I have been using DIY LED units using 3 spectrums of whites (6500k, 10000k & 20000k) and 2 of blue (445nm & 454nm) for about 2 years now. Been very happy with the growth and colour of my corals. 28 emitters at 10w each for max. output of 280w. I usually run the light 8 hours 80-100% and 4 hours with just 120w blues. My LED specialist-friend built this version with more aluminum bars so it uses only passive heat-dissipation (no fans) and never gets more than slightly warm.

My pendant light over my 2' cube only has a DIY unit with 1 blue (454nm) & 2 white (6500k & 20000k) over it right now and will soon be replaced with another DIY "Kessil"-type light with 3b & 2w. Even with just 30w over a 2' cube, my rbtas & LPS (mostly duncans & Euphyllias) & zoas are all doing great. With 5x 10w emitters, I will simply dim both whites and blues instead of having them at 100% as they are now.

I have a 60w Eshine Cree Classic over my soon-to-be-torn-down RSM130. I have RBTAs (really bubbly) and various other corals & even a small Squamosa (which has more than doubled in size under the Eshine in the last year+).
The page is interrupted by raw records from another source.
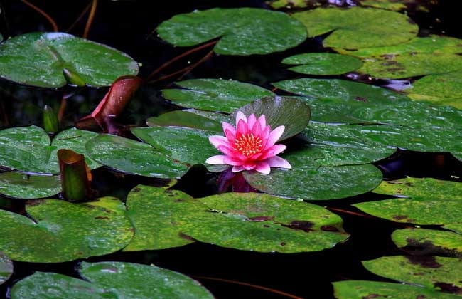5、水体:睡莲喜欢在较平静、无大波浪或急流的水体中生长,所以在高压水柱的人工喷泉水池或有急流瀑布的水池中种植往往生长不良。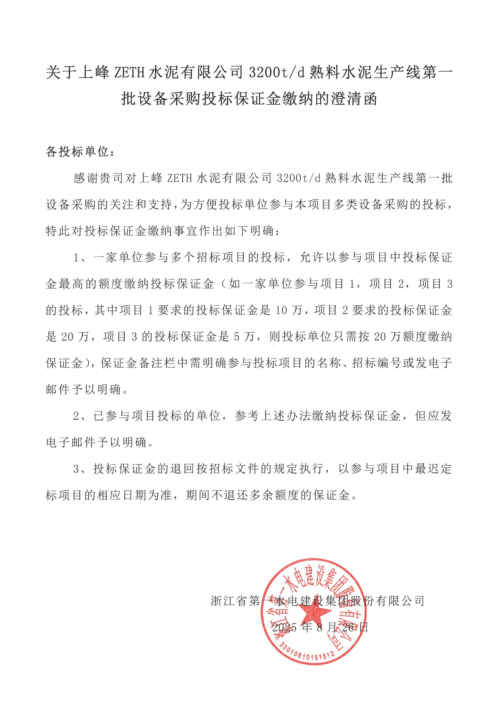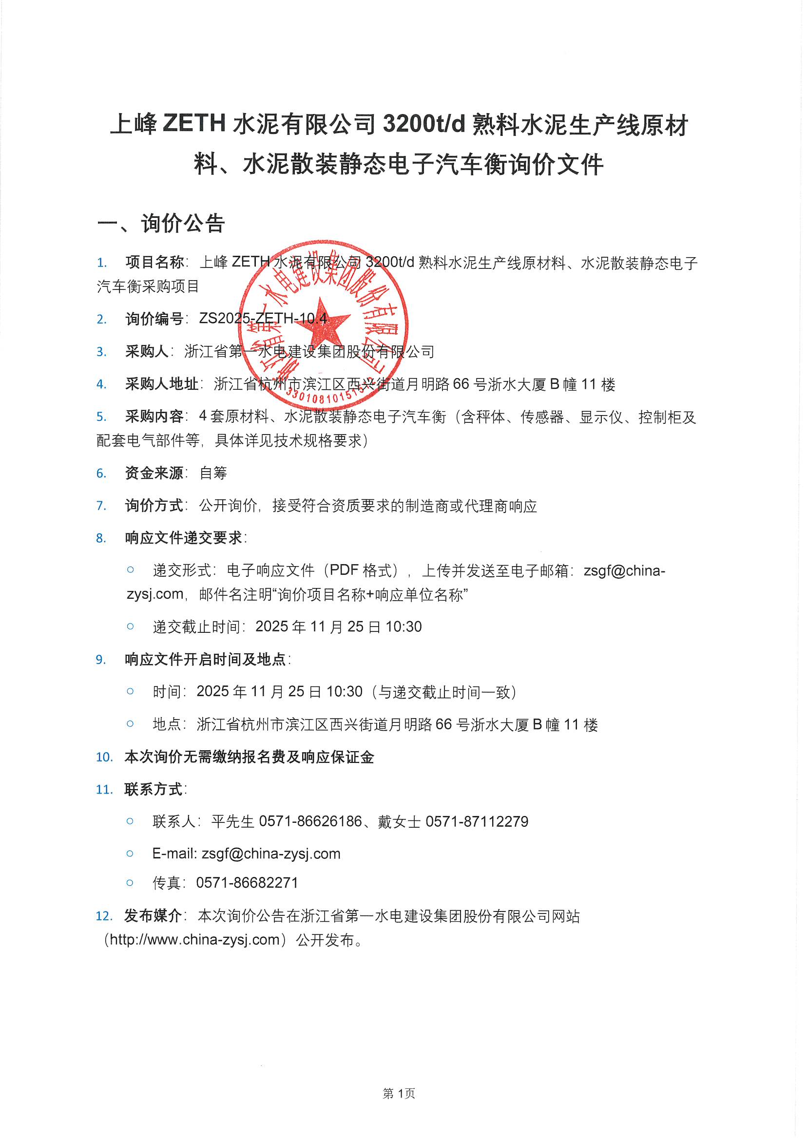上峰ZETH水泥有限公司3200t/d熟料水泥生產線原材料、水泥散裝靜態電子汽車衡詢價公告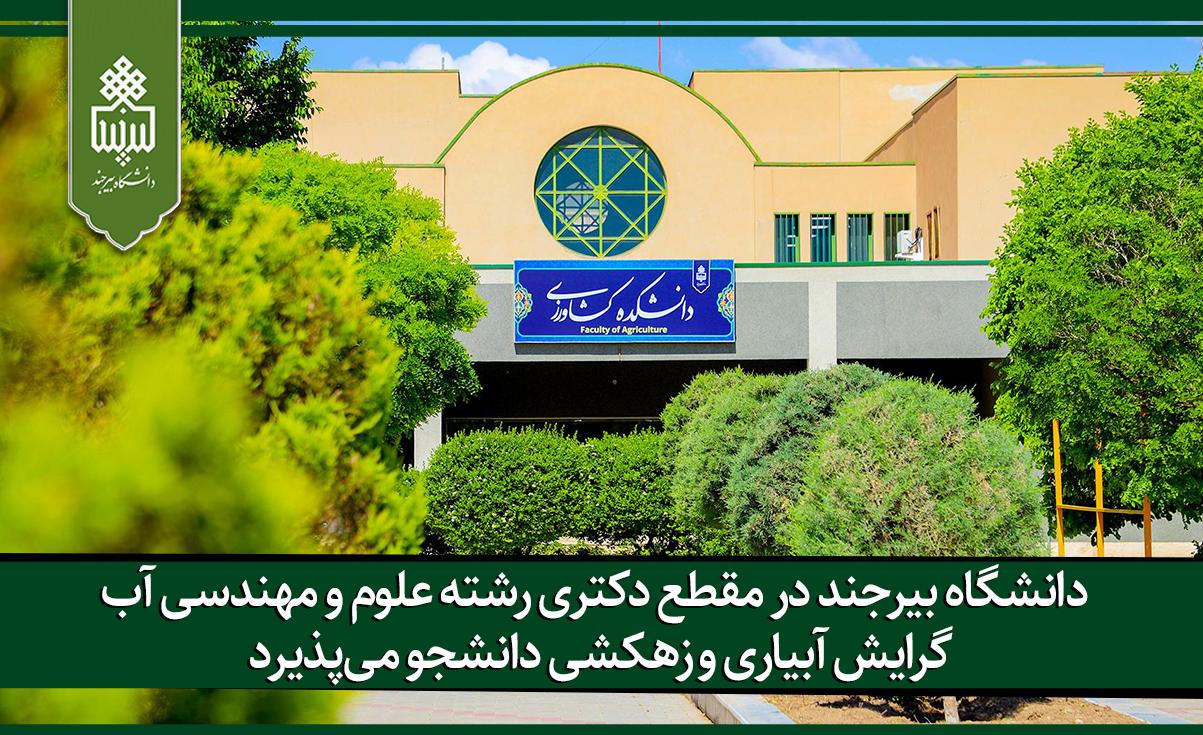 دانشگاه بیرجند در مقطع دکتری رشته علوم و مهندسی آب گرایش آبیاری و زهکشی دانشجو میپذیرد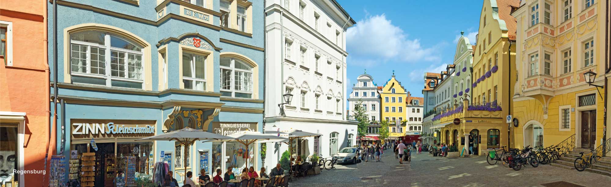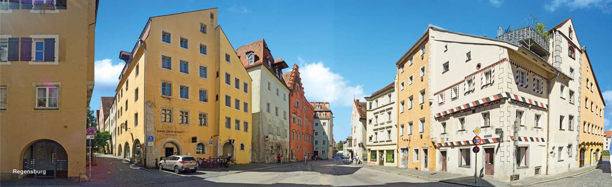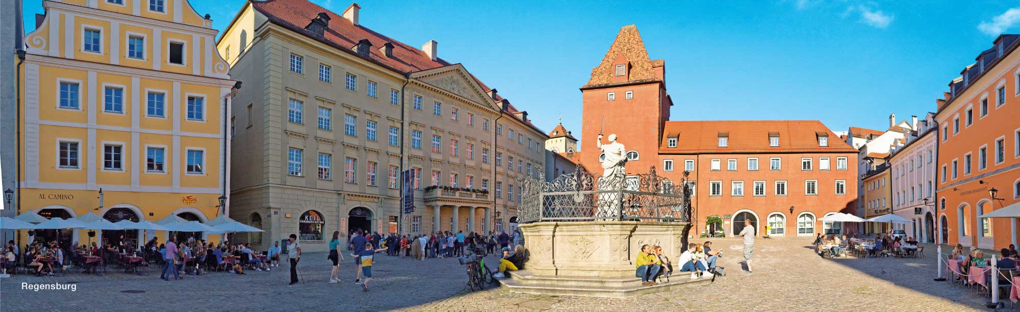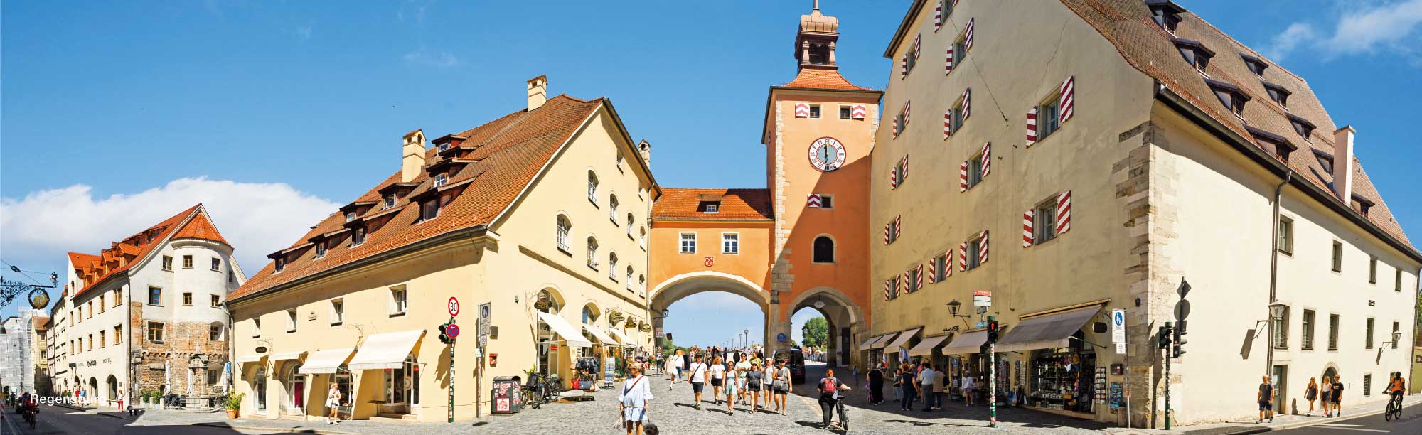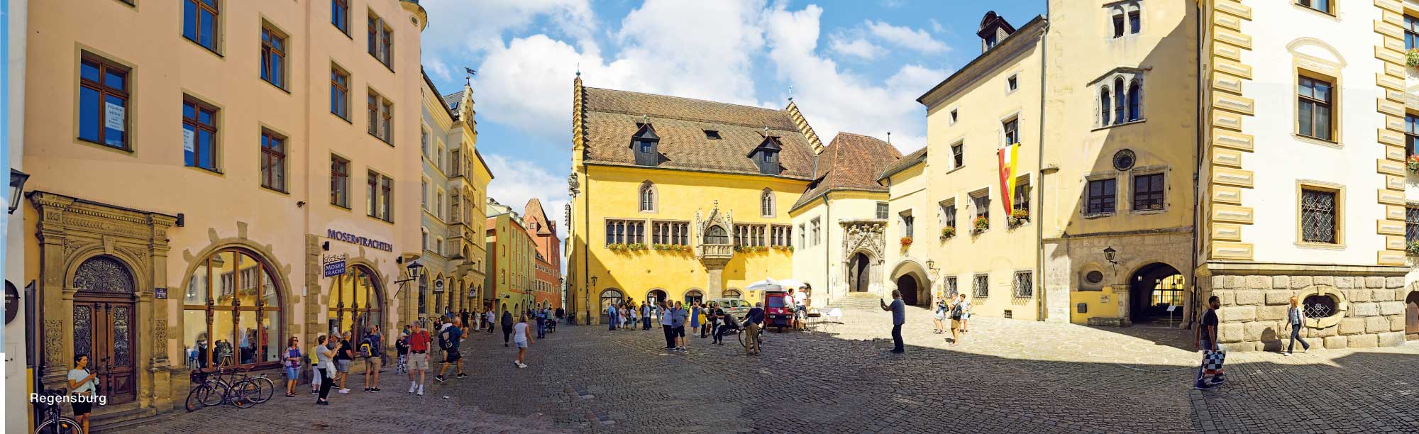 Die Steinerne Brücke und der Dom St. Peter ist eines der Panoramen von Regensburg. Weitere Panoramen mit einem Blickwinkel von mehr als 180 Grad: das Alte Rathaus mit Reichssaal, der Haidplatz, das Schloss Emmermann und viele andere.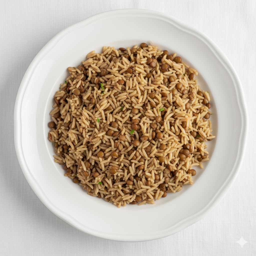 - Put the lentils and rice onto a place and add golden onion slices on top (optional).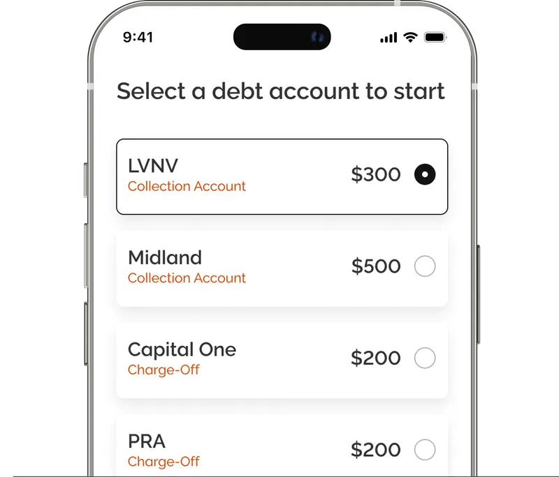 Seleccione una deuda elegible para comenzar. Podrás solicitar ofertas por deudas adicionales en el futuro.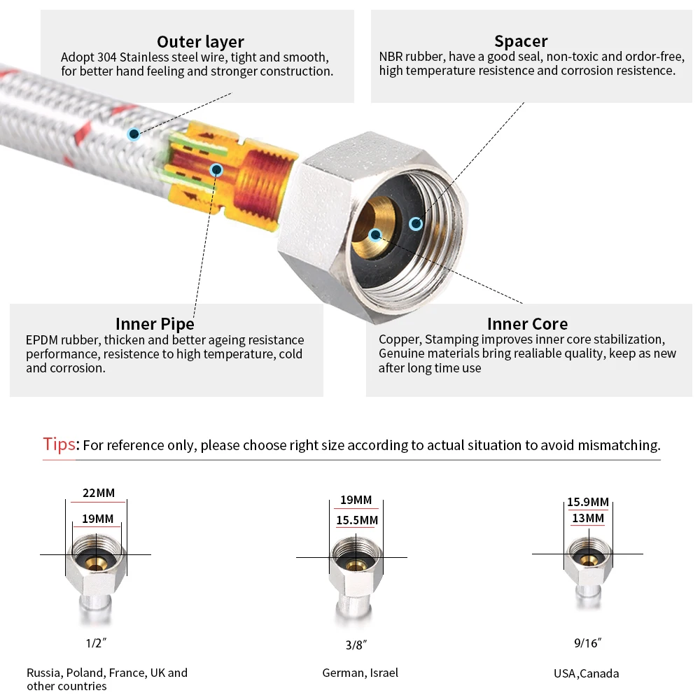 【Высокопрочный Плетеный вход Hose】Прочный и высокопрочный провод из нержавеющей стали плетеный впускной шланг и EPDM Резина, герметичный, взрывозащищенный и длительный срок службы.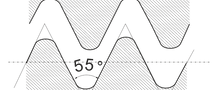 L'angolo tra due creste è pari a 55°, similmente alla filettatura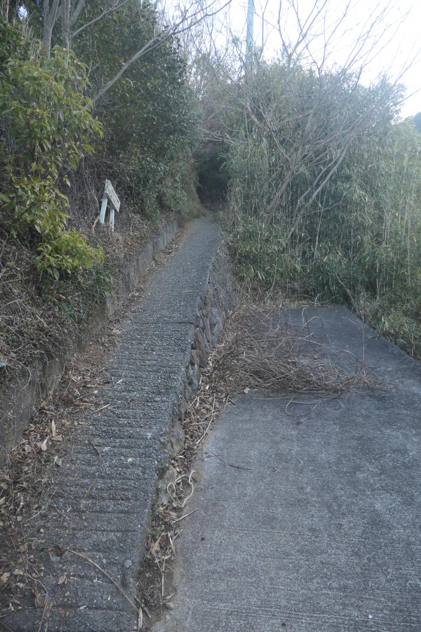 道が途切れ、端っこの狭い階段を登ると登山道に入ります。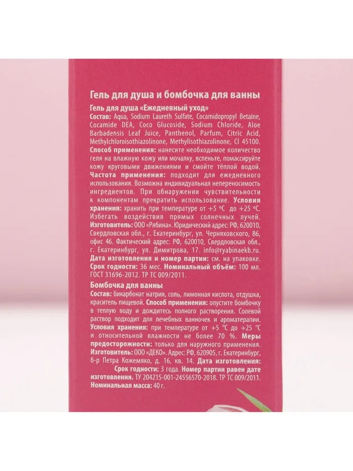 Составляющие набора: Гель для душа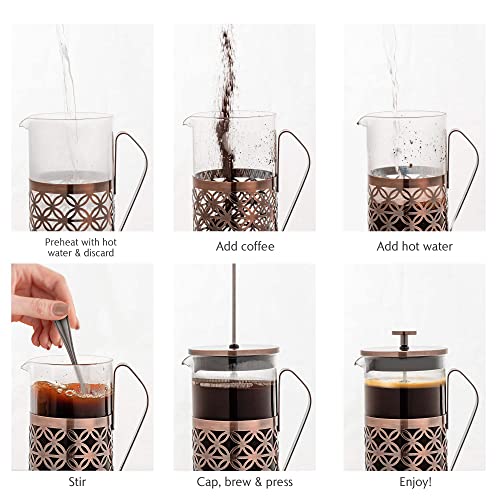 FRESH, AROMATIC, & EXQUISITE COFFEE – Drinking coffee using your Ovente French Press becomes a sensory experience that paints the tongue. This press preserves the naturally flavorful oils and bold, complex flavors in your gourmet coffee beans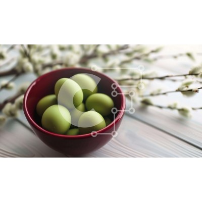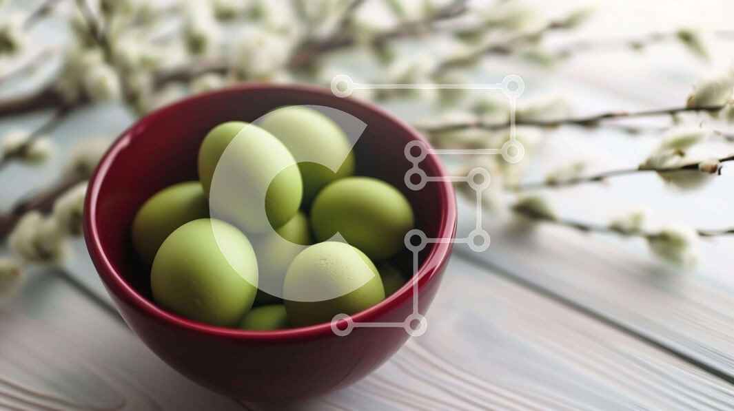 Υπάρχει δυνατότητα προσωποποίησης με δική σας φωτογραφία και προσαρμογής διαστάσεων κατόπιν παραγγελίας. Το συγεκεριμενο Puzzle 10x10 cm – 25 κομμ παρουσιαζει Αυτή η εικόνα δείχνει ένα κόκκινο μπολ γεμάτο με πράσινα πασχαλινά αυγά, με φόντο λευκά άνθη και κλαδιά. Τα ζωηρά χρώματα και η ζεστή σύνθεση προκαλούν το πνεύμα των εορτασμών του Πάσχα και της άνοιξης. Ένα μοναδικό Puzzle 10x10 cm – 25 κομ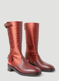 satin leather buckle boots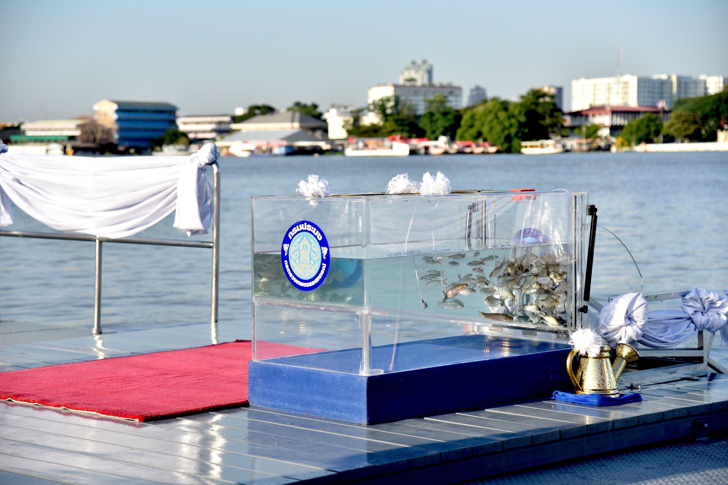 สำหรับพันธุ์สัตว์น้ำที่กรมประมงถวายเป็นพันธุ์ปลาไทย จำนวน ๙ ชนิด ประกอบด้วย ปลาตะเพียนขาว ปลาตะเพียนทอง ปลายี่สกไทย ปลาแก้มช้ำ ปลาสร้อยขาว ปลากระแห ปลาโพง ปลาเทพา และปลาชะโอน รวม ๔๙๐,๐๐๐ ตัว ปล่อยลงสู่แม่น้ำเจ้าพระยา เป็นการเพิ่มผลผลิตสัตว์น้ำ และรักษาระบบนิเวศให้มีความอุดมสมบูรณ์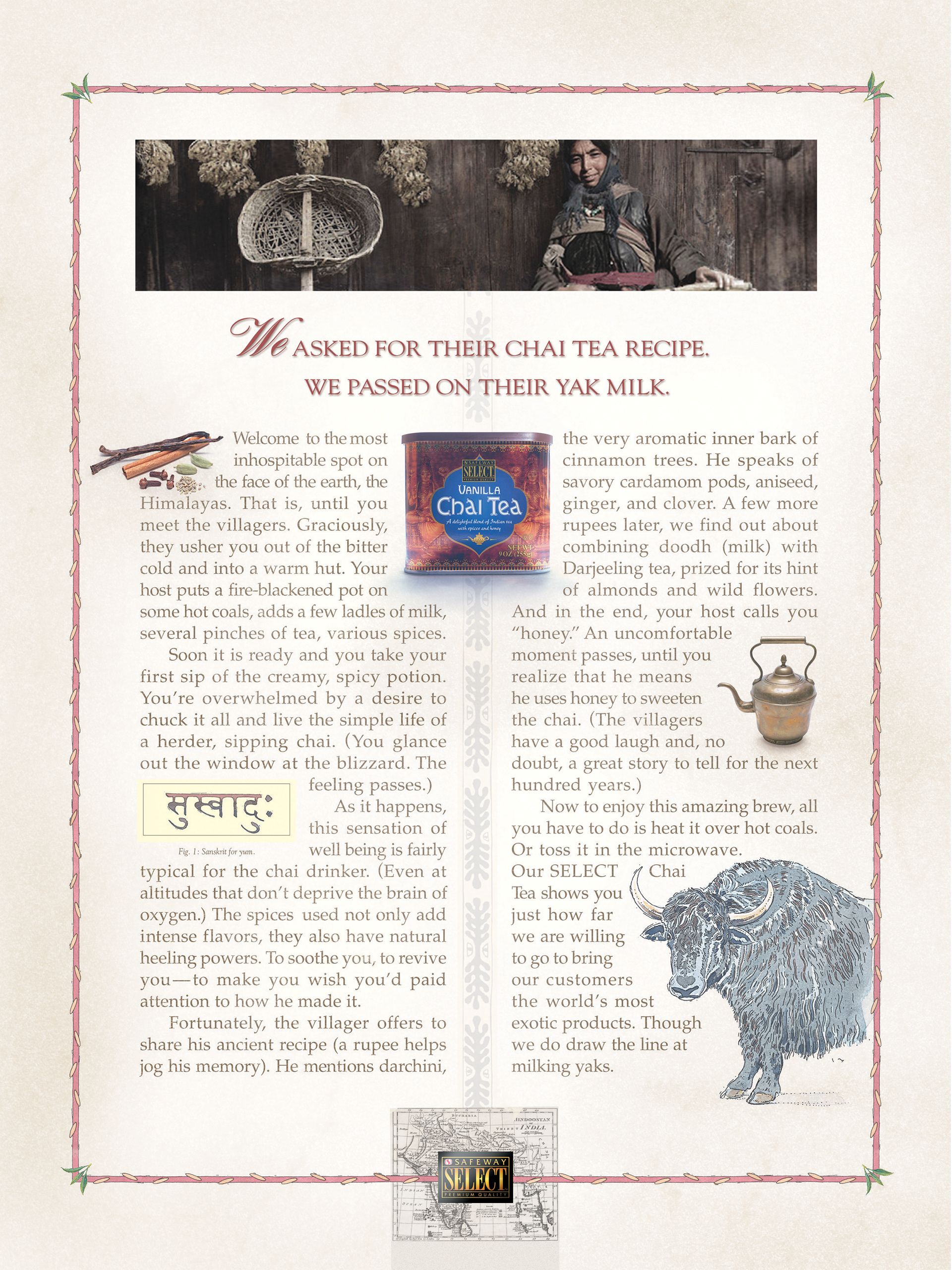 Supermarket retail advertising is not exactly the sexiest of categories. Typically overrun with generic item/ price ads touting the great deals on tomatoes this week. For Safeway we took a completely different approach by advertising their offerings as you would for a national brands. It’s something I call “brandtail” advertising and the results were tremendous.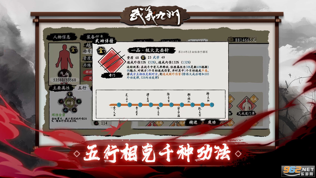 武义九州是一款开放自由的武侠风回合制冒险游戏。看一个初出茅庐的小杂毛,怎样在九州大陆走出自己的舒适圈,开山立派,终成一代大侠。超高自由度,地图全随机,包含采集经营,丹药炼制,武艺切磋,功法修行等多种玩法,给你一个想干嘛干嘛的江湖,开宗立派授业传功,做做神盗劫富济贫、做做巨贾富甲一方,各有各的活法,但求一个问心无愧,未必就要做大侠!

My frag setup in my sump has a no-name 72w Cree light and the frags are growing great under this "cheap" LED light.

So in total, I have 2 Cree "cheap" lights, a 6' DIY and a DIY pendant. Corals, clams & anemones are all doing great.

One thing I noticed (and others here have noted) is that don't judge your "Light" visually. If you go from MH lights, your leds will seem dim. We tested with a PAR meter and these emitters were giving as good or better PAR readings than my 150w & 250w 14000k Phoenix and Aquaconnect halides.

So, yeah, better to go with low level LED and slowly ramp up than to go too bright, too fast and bleach/kill your corals with light shock.